The use of social media to communicate an employee’s views about issues of interest to him or her can be dangerous if the employee strays into territory which is related to the workplace, or can be seen to adversely affect the commercial reputation and standing of the employer, or indeed illustrates flaws in the judgment of the employee which can damage the credibility of the employee in the eyes of the employer. Little v Credit Corp Group Limited t/as Credit Corp Group  FWC 9642 is case about just that. Mr Little published the following observations about a company which had commercial dealings with his employer when he posted on Facebook.
“For reals bro, you should put a little more of funding into educating consumers on how the world works rather than just weaseling them out of debt, blah blah blah, give a man a fish/teach a man to fish.’

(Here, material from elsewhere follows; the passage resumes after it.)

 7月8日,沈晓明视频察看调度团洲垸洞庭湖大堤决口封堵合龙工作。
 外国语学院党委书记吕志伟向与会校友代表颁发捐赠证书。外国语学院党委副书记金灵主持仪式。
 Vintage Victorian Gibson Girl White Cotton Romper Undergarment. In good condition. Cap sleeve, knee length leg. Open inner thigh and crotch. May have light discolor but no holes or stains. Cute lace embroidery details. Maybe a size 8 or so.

‘No thanks, just take my advice and try to educate people about things like ‘interest’ and ‘liability’ rather than just weasel them out of contracts. #simple”
And then another post about a colleague about to join his employer.

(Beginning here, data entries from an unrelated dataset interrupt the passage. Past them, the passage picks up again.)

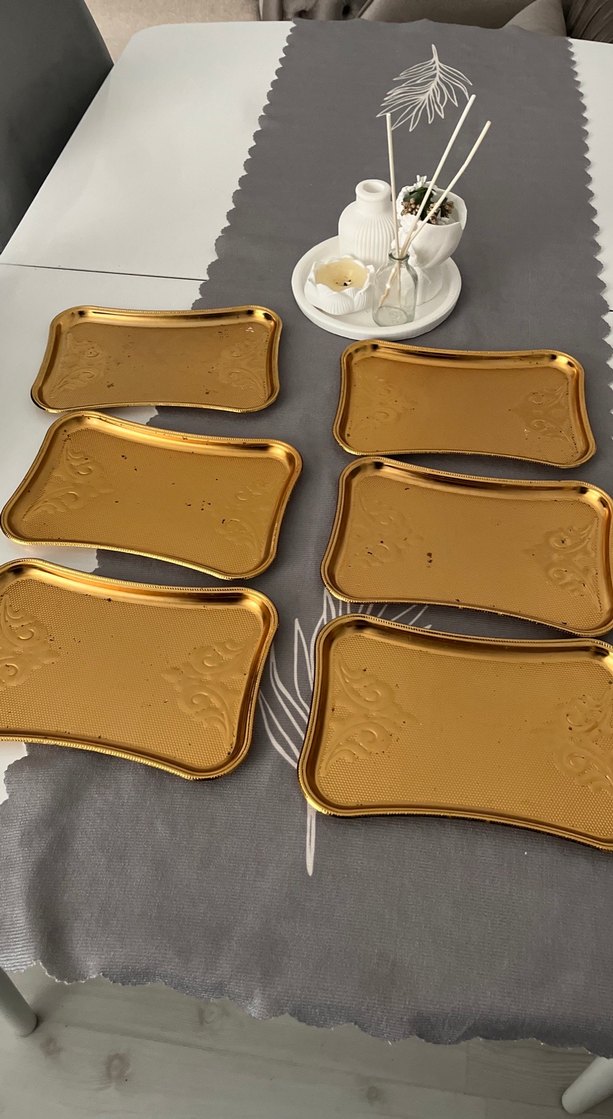 Parlak altın renginde, zarif kabartmalı detaylara sahip 6'lı dekoratif tepsi seti. Mutfakta servis veya sunum için uygun. ✨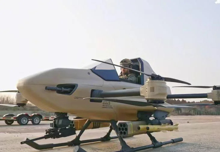 I wonder if there is one a sort of heavy attack FPE drone but its a good human in the loop system where this manned quad copter sits back and provides info and context to the main team. But it does provide areas that cannot support a attack Heli a attack Heli like system. Now every small base has a mini attack Heli with low thermal out put that can destroy a AFV or a advanced team. But in my country farmers have these large drones for farm related roles and parts of this thing look like that drone.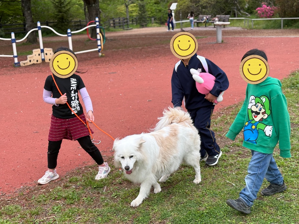 P.S. ちょうど公園にワンちゃんがいて、お散歩をさせていただきました。優しい飼い主さんに感謝です。子どもたちもニコニコ、とっても癒されました。動物がもたらす効果は絶大ですね♡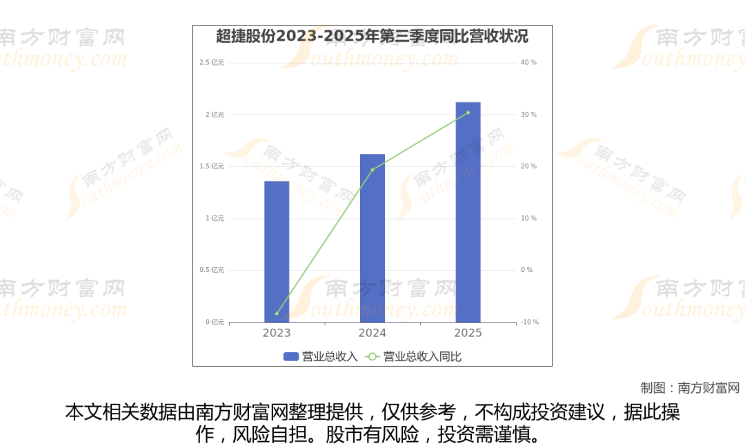于2025年第三季度,超捷股份披露了其业绩表现(如上图),其中主营业务收入2.12亿元,相较于去年同期30.41%。

“On behalf of all the staff at The Credit Corp Group I would like to welcome our newest victim of butt rape, Jack Hoye. I’m looking Forward to sexually harassing you behind the stationary [sic] cupboard big boy.”
The Fair Work Commission in a claim for a remedy for unfair dismissal rejected Mr Little’s assertion that his conduct was in his own time and was of no business of his employer because he had not named his employer in the post with Deputy President Sims observing “the applicant is perfectly entitled to have his personal opinions, but he is not entitled to disclose them to the ‘world at large’ where to do so would reflect poorly on the Company and/or damage its reputation and viability… the fact the applicant made both Facebook comments in his own time is of no consequence. It was not when the comments were made which is important, but the effect and impact of those comments on the respondent, its other employees and on the new employee.”